# getting professional help



## lynyrd (Jul 13, 2015)

i would like to get professional (accounting) help just to make sure things are OK (and pay someone else to do the maths), and to file now; just to be "in the system". but for decade(s) when i ask, no UK accountant will touch me (US citizen) and no "trusted" professionals (bankers,..) are allowed to "recommend"...

is there a "which" page for UK accounts willing to take US clients? 

or more directly: how do i get quality professional help? (i do not really want to follow a pop-up add, even one on this forum...) 
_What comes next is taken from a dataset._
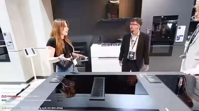 00:24:35Der AEG-Stand beeindruckt durch seine Größe und includes ein eigenes Restaurant, wo Besucher direkt Pizza probieren können. Die Streamerin erhält eine persönliche Führung durch die neuesten Technologien. Der Stand bietet verschiedene Produktpräsentationen und interaktive Erlebnisse, wie live Bügeln und Kochshows. Die Streamerin zeigt sich beeindruckt von der Präsentation und betont die Wichtigkeit von guter Haushaltsgeräte-Komfort.

i expected this question to be on the forum, but did not spot it, sorry for the redirect if that is all this post requires.

thanks
a

ps this is a great forum, i wish i had found it back whenever it started. thanks much for the informative and well run system; and for the information.


----------



## Bevdeforges (Nov 16, 2007)

Unfortunately, there is no one single source who is able or willing to make recommendations about tax advisors. (Possibly with good reason - there are some real sharks out there among the solid, upstanding types.)

The US Consulate in Paris used to publish a list of tax accountants (primarily in Paris), but with the overseas IRS offices closing down, they now refer you to the IRS page: Choosing a Tax Professional Haven't checked out any of the links, but they do seem to cover all the bases, including information on how to choose a tax preparer.
Cheers,
Bev


----------



## StewartPatton (Aug 5, 2014)

What exactly do you want a professional to do? Do you want someone simply to keep the books? Or to file a U.S. tax return? Or to recommend how to extricate yourself from previous issues with non-filing of US returns?


----------